Трудно поверить, что настроения Адольфа Гитлера разделяли все. Немногое, что известно о пребывании Гитлера в рядах баварской пехоты, указывает на то, что он не был обычным добровольцем. Товарищи по оружию считали его человеком чудаковатым: лишенным чувства юмора и болезненно патриотичным. Он с негодованием воспринял негласное Рождественское перемирие 1914/15 года{937}.

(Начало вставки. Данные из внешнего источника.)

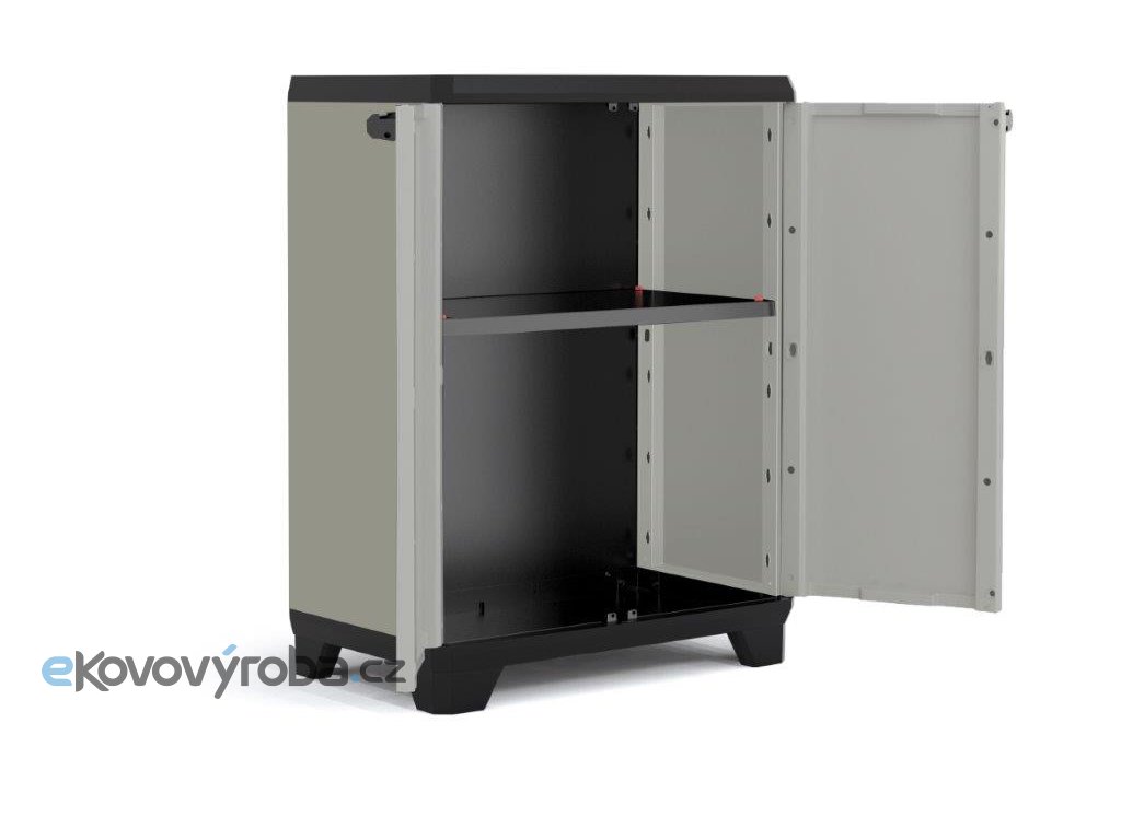 Skříň obsahuje celkem 1 přídavnou polici s výraznou nosností až 15 kg, která přijde vhod pro výrazně těžší předměty všeho druhu. Lze ji tedy využít pro skladování dílenského nářadí či zahradnických potřeb, kdy přijde vhod pro uložení náčiní, které by se jinam nevešlo. Díky svému provedení v univerzální šedé barvě zapadne do každého prostoru bez ohledu na jeho konceptuální styl.
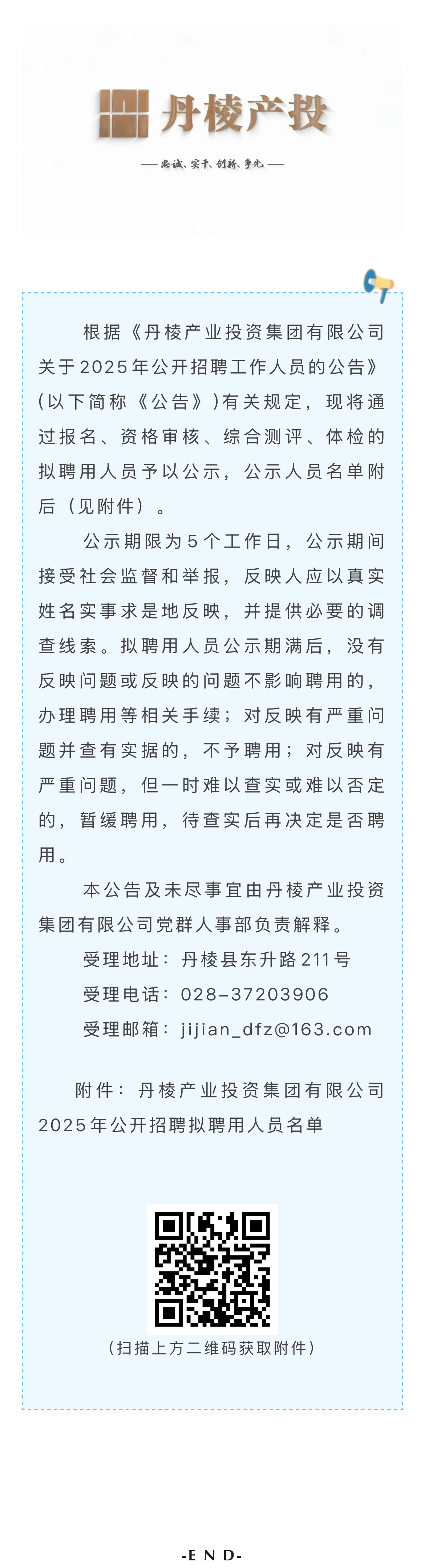 丹棱產(chǎn)業(yè)投資集團(tuán)有限公司關(guān)于2025年公開招聘擬聘用人員的公示
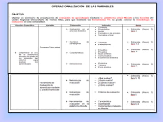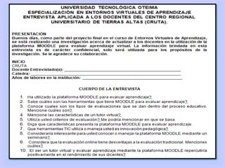 Este documento describe un proyecto de investigación que busca diseñar un seminario de actualización para docentes sobre la evaluación de aprendizajes mediante la plataforma virtual Moodle. El objetivo es que los docentes del Centro Regional Universitario de Tierras Altas utilicen las herramientas de Moodle para innovar sus procesos de evaluación. La investigación analizará el uso actual de Moodle, identificará herramientas de evaluación y diseñará la estructura del seminario de actualización.
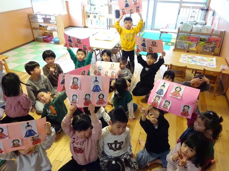 お友達と力を合わせて〝おひなさま〟完成! | ||
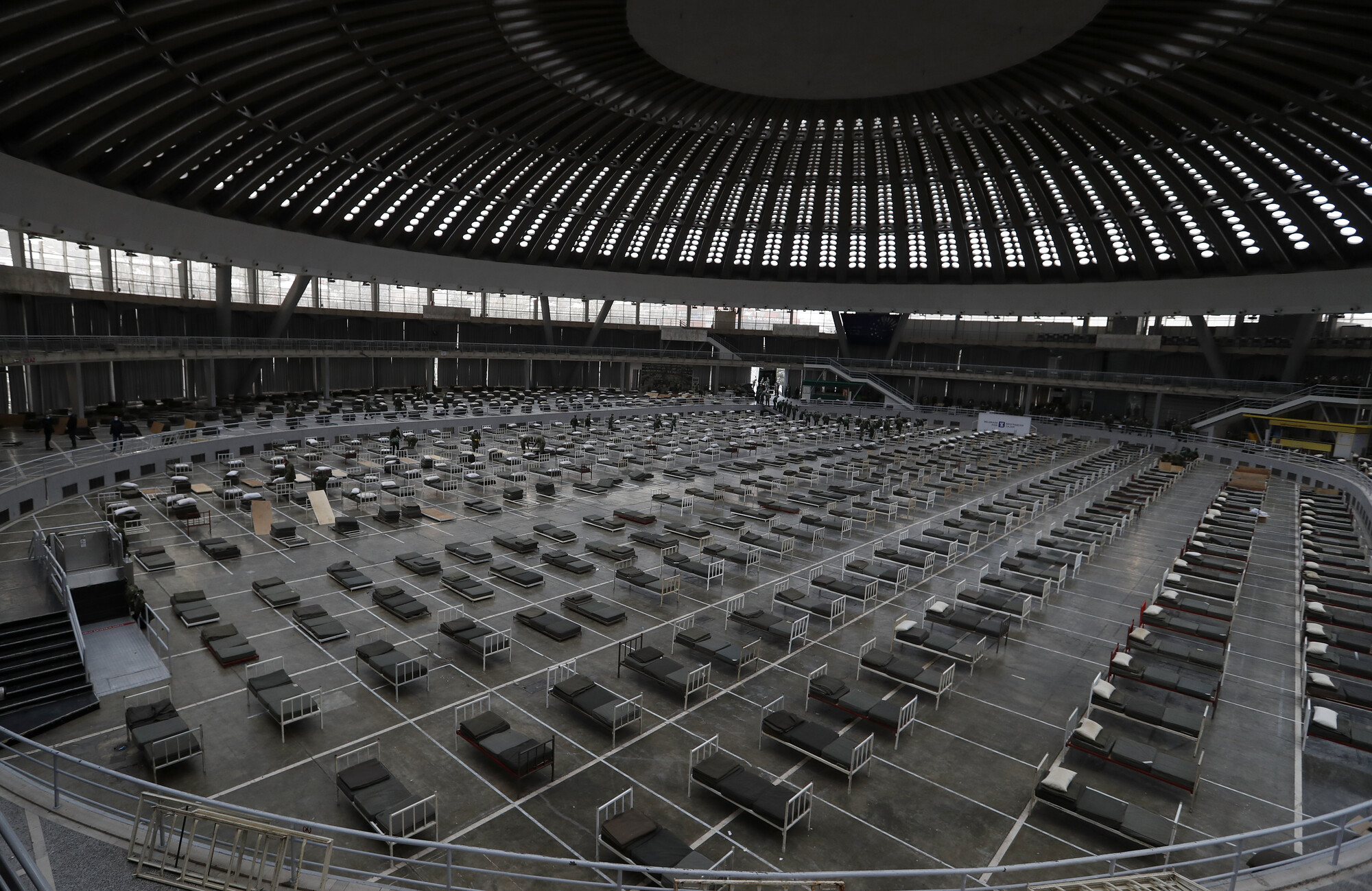 Serbian soldiers set up beds for treatment of possible COVID-19 infected patients inside of the Belgrade Fair, Serbia, March 24, 2020. Photo: AP Photo/Darko Vojinovic.
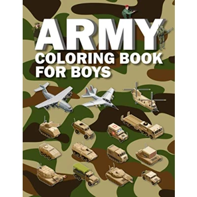 Army Coloring Book for Boys: Kids Ages 4 8, 8 12 with Military Heavy Vehicles, Armored Tanks, Guns, Soldiers, Robots, Planes and Equipment Soldiers
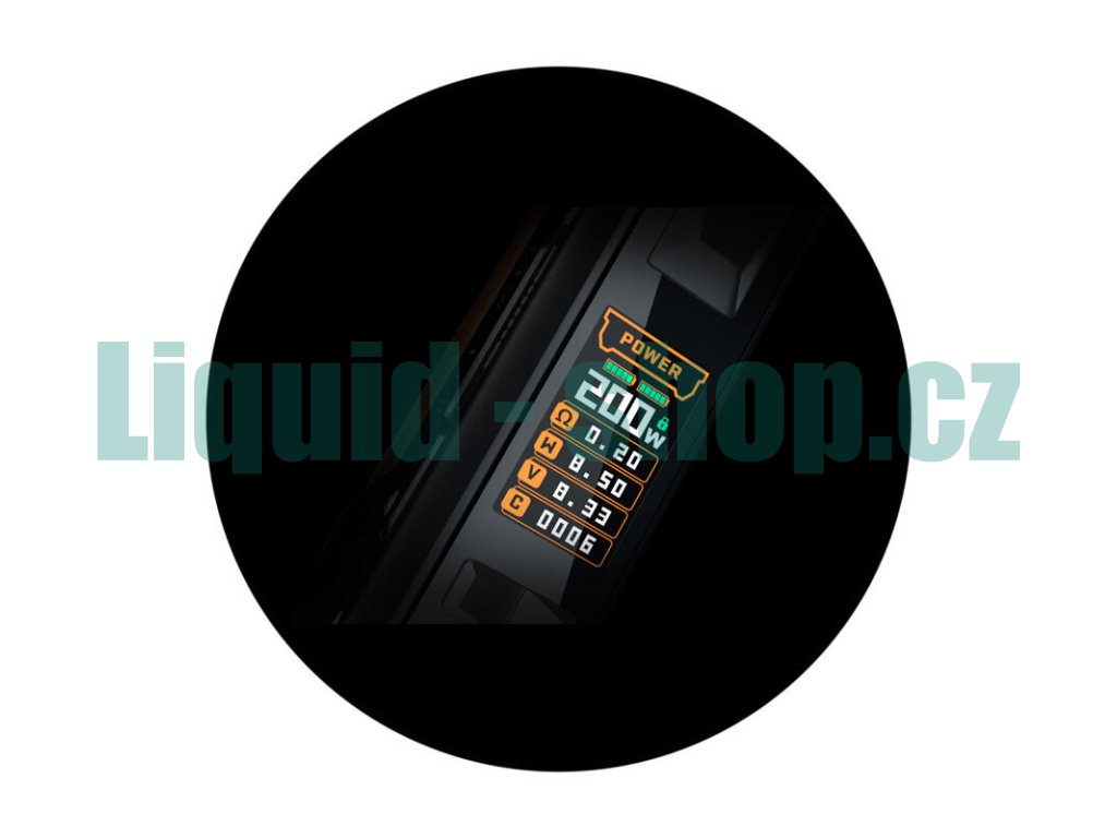 Díky pohonu na dvě baterie se můžete těšit nejenom na extrémně rychlý náběh žhavení, ale také na vysoký výstupní výkon. Ten totiž dosahuje až 200 W. Mod tak bez problému uspokojí i ty nejnáročnější vyznavače cloud chasingu a přímého potahování do plic. Výkon si můžete pohodlně regulovat pomocí regulačních tlačítek v rozpětí 5 - 200 W. Nastavení celého modu je nesmírně snadné a intuitivní.
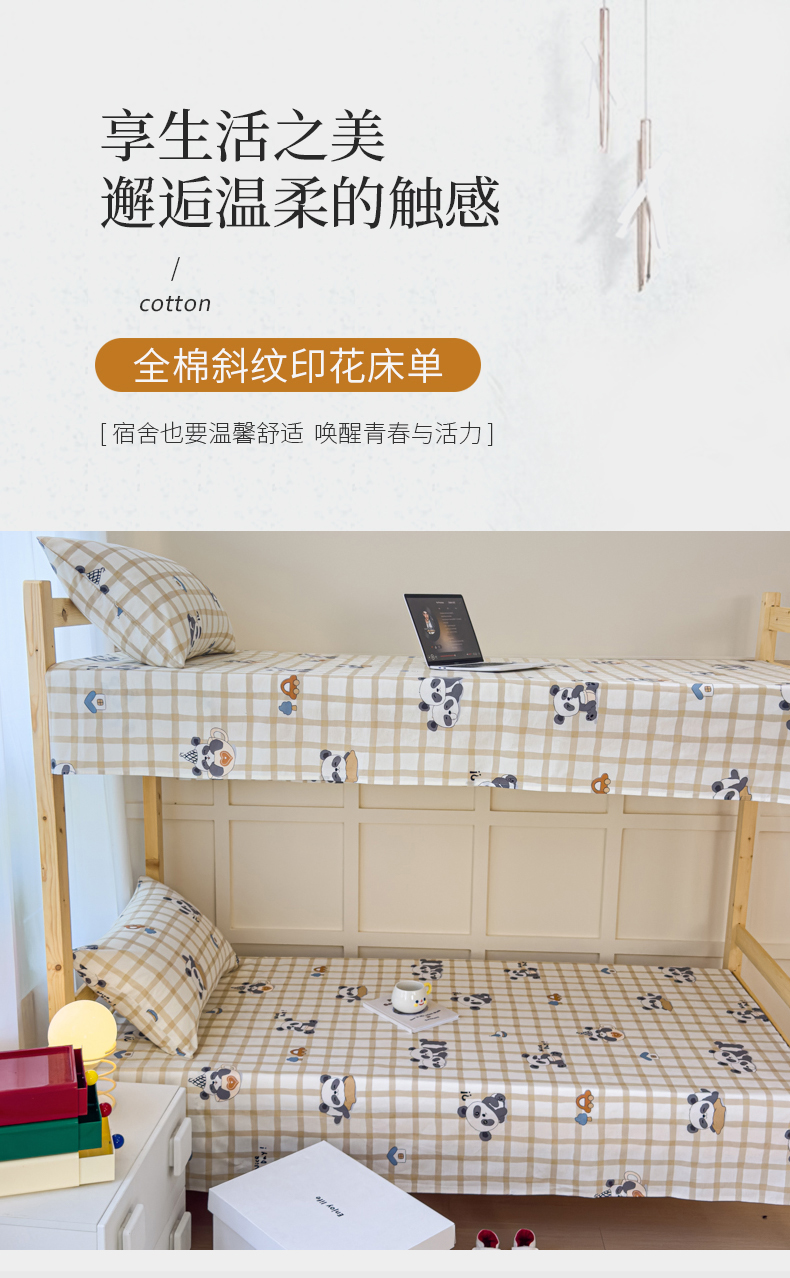 金丝鸟家纺 2024新款全棉小清新印花单床单系列(学生床) 格子米兜
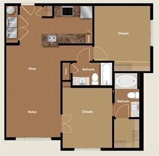 2 Bedroom/2 Bath - Plano 1 2 Bedroom/2 Bath
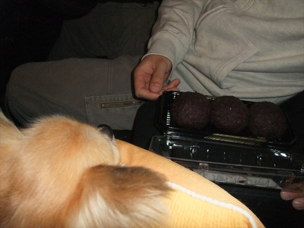 車内で、資さんうどんでテイクアウトしたぼたもちを食いながら渋滞情報確認。
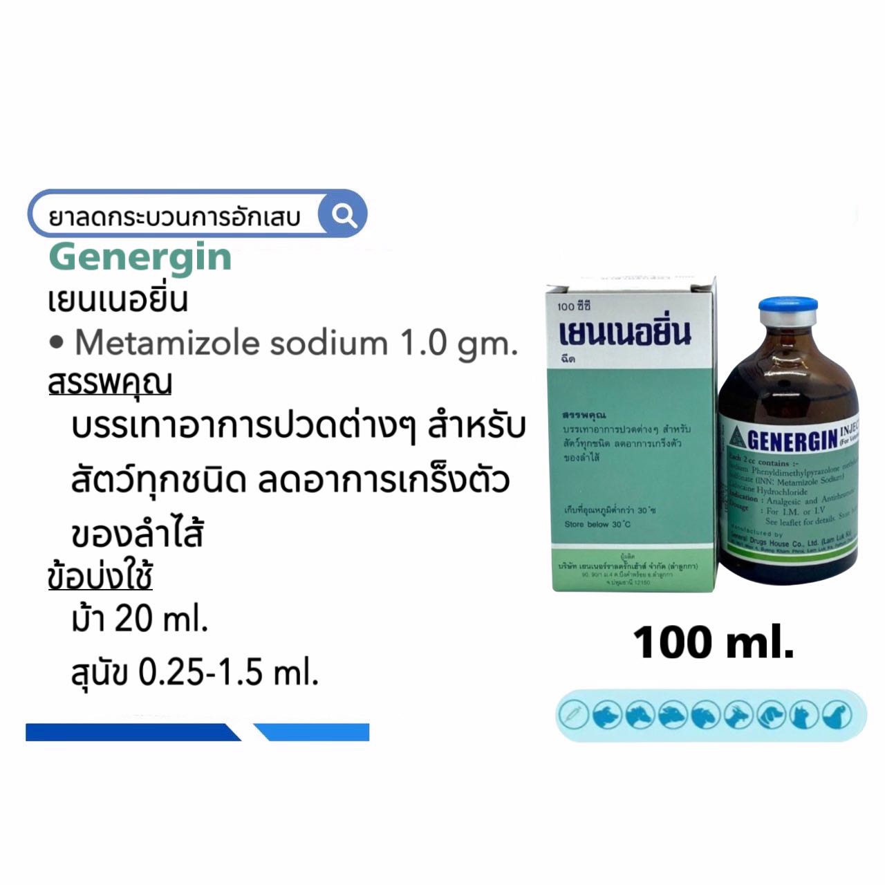 Genergin 20และ100 ml. เยนเนอร์ยิน ลดปวด ลดไข้
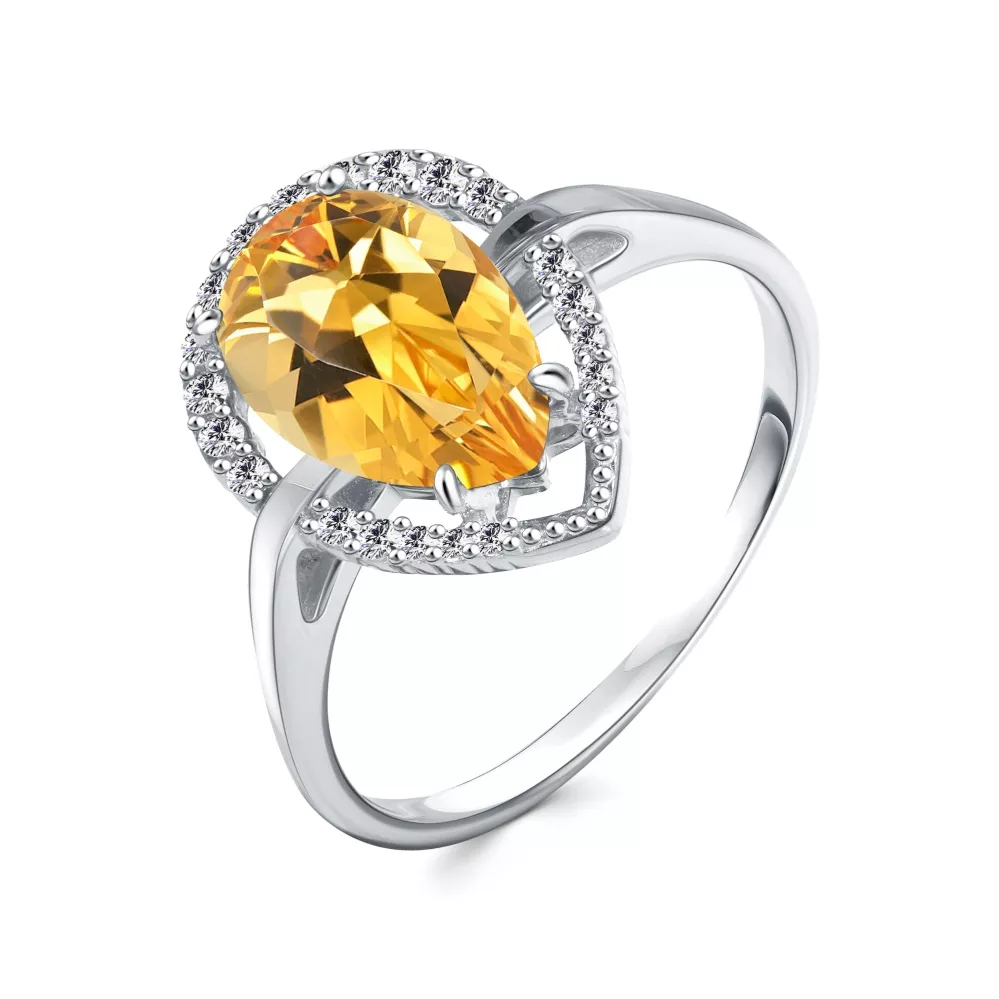 108117-007-0019 Кольцо (Ag 925) Цитрин груша 8*12, Фианит бесцветный круг 1, Фианит бесцветный круг 1,5, Фианит бесцветный круг 1,25
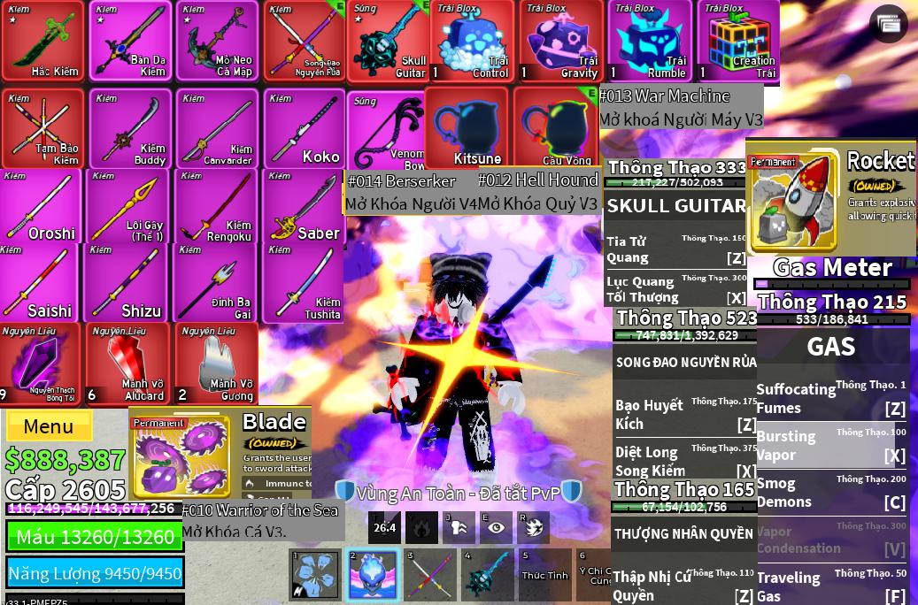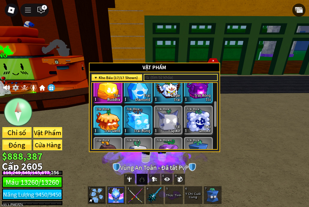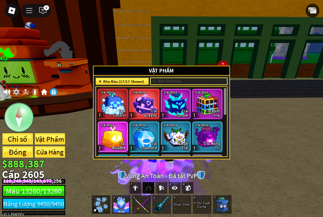 Trái ác quỷCó trong vật phẩm,Trái ác quỷ vĩnh viễn,Trái Control,Trái Gravity,trái rumble,trái creation Tường
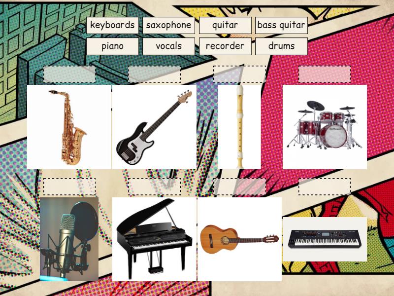 quitar, piano, drums, bass quitar, keyboards, vocals, saxophone, recorder,
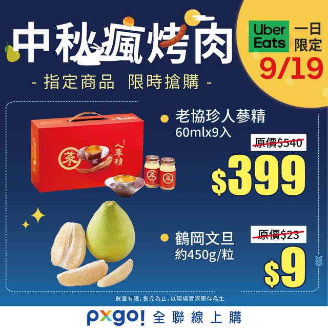 中秋瘋烤肉!全聯小時達! 單日限定!只有今天! 9/19一日限定最殺價,最低39折 鶴岡文旦 $9 老協珍人蔘精 $399 *活動詳情與售價請洽app或官網,以公告為準 *實際活動內容及服務範圍依App顯示為主 *優惠數量有限,售完為止 -- ※ 發信站: 批踢踢實業坊(www.ptt.org.tw), 來自: 220.130.178.240 (臺灣) ※ 文章網址: https://www.ptt.org.tw/Lifeismoney/M.1695108287.A.323

Сравним воспоминание Гитлера о поступлении на действительную службу с историей английского садовника Гарри Финча. Последний записал в дневнике:

12 января 1915 года, вторник. Утром я отправился в Гастингс, пришел на вербовочный пункт на Хэвлок-роуд и вступил в армию Китченера… Прошел медосмотр. Зачислен в 1-ю роту 12-го батальона Королевского Суссекского полка (2-й Саут-Даунский батальон). Вернулся домой с приказом явиться в свой бтн, [расквартированный] в Бексхилле [-он-Си], 18-го. На вербовочном пункте было много желающих вступить в армию.

18 января 1915 года, понедельник. Сегодня явился к старшине 1-й роты Картеру… в Бексхилл. Получил пружинный матрас, соломенный тюфяк и три одеяла. Первое впечатление: казарменный язык слегка непристоен. Постель довольно твердая, поэтому спал недолго. Я салага, и кровать, конечно, мне досталась сломанная{938}.

Тон этих сообщений ни в коем случае не указывает на разность национальных характеров. Хотя историки культуры не раз указывали на различную реакцию немцев и бриттов на начало войны{939}, я привел эти свидетельства, чтобы показать, насколько отличалась реакция населения воюющих стран. Разница между Гитлером и Финчем (последний, во время войны дослужившись до сержанта, продвинулся дальше по карьерной лестнице, чем Гитлер) была обусловлена разностью характеров Гитлера и Финча, а не их национальностью.

Толпы и бессилие

Некоторый энтузиазм, несомненно, люди проявляли. Мы вольны отнестись к рассказу Гитлера с недоверием, однако существует и много других, более надежных свидетельств. В 1945 году великий историк-либерал Фридрих Мейнеке подтвердил правоту Гитлера: “Для всех, кто через это прошел, экзальтация [Erhebung] августа 1914 года стала одним из ярчайших воспоминаний… Перед лицом общей опасности разом рухнули все перегородки, разделявшие германский народ…”{940} По горячим следам Мейнеке даже успел написать книгу о “немецкой экзальтации”{941}.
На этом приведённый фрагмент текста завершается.